I believe that sexual dysfunction while on deca has nothing to do with E2 or prolactin.  I've had both checked during cycles in range.  However,  I don't agree that it's in everyone's head.  How could that be? I think it's caused by some other hormonal pathway.  Which,  no idea.  The Caber helps because of a side effect & not its effect on prolactin.  I know a lot of guys have a hard time busting a nut on deca & I just can't believe it's all psychological.


----------



## DF (May 25, 2016)

Hopefully,  this deca cycle will finally allow Jada to do doggie.  Wear it Jada!!!


----------



## LeanHerm (May 25, 2016)

Bro Bundy said:


> recovery will never be achieved after those kind of cycles.Just my opinion .eventually U wont be able to preform in the gym the way u want and will need trt.Justsomething to consider



I made the best results when I had low t,  a great diet, and a great program. It can be done, you just can't be a pussy about it.


----------



## Bro Bundy (May 25, 2016)

LeanHerm said:


> I made the best results when I had low t,  a great diet, and a great program. It can be done, you just can't be a pussy about it.



Alot of things can be done but training on low test sucks ass..It has nothing to do with being a pussy..Wait till you get alittle older you will see.


----------



## Bro Bundy (May 25, 2016)

LeanHerm said:


> I made the best results when I had low t,  a great diet, and a great program. It can be done, you just can't be a pussy about it.

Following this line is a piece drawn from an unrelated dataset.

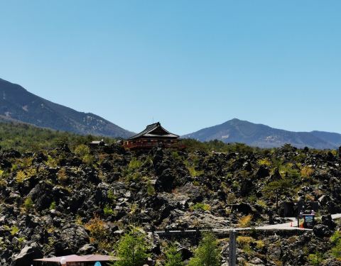 鬼押出园是天明3年浅间山所喷出的火山溶岩所形成,是宽为3公里,长为12公里的熔岩地带。此名称意为大火山口看起就像鬼推出来的一样,在熔岩台地的高台上有一观音堂为镇护,庇佑那些因浅间山喷火而亡的人们。游客可经由其步道。慢慢地欣赏造形特殊但却栩栩如生的各式奇石,宛如鬼斧神工美丽壮观。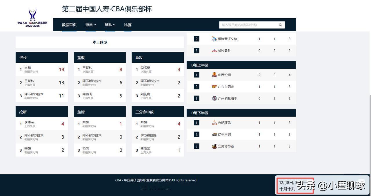 CBA俱乐部杯是不是不受重视啊,CBA官网居然不实时更新战况! 真是离谱,我在CBA官网查广东宏远的俱乐部杯战绩包括其他球队的战绩,居然从打完星期五也就是12月5日那场比赛后就再没更新过,直到现在12月8日早上八点半还没更新,我真的感觉挺震撼的。 是这个比赛不太受重视吗?还是说之前的CBA比赛遇到周末的比赛时官网都是不实时更新的? 要知道你官网数据不更新,后面许多篮球软件也是不会更新的! 真的不怪有些球迷说CBA不专业,连实时更新战绩都做不到,还能指望其他更重要的能做更好吗?CBA那些事 冬日生活打卡季

my point was recovery is difficult after a few of them long 19 cycles.Your test came back under a 300 which proves my point


----------



## DieYoungStrong (May 25, 2016)

How the hell are you going to go pro if you've been here 4 years and are on your 3rd cycle? Kevin Levrone genetics?


----------



## PillarofBalance (May 25, 2016)

bro bundy said:


> alot of things can be done but training on low test sucks ass..it has nothing to do with being a pussy..wait till you get alittle older you will see.



age card!!!!!!!! Bundy you bigoted ageist!!!!


----------



## Bro Bundy (May 25, 2016)

PillarofBalance said:


> age card!!!!!!!! Bundy you bigoted ageist!!!!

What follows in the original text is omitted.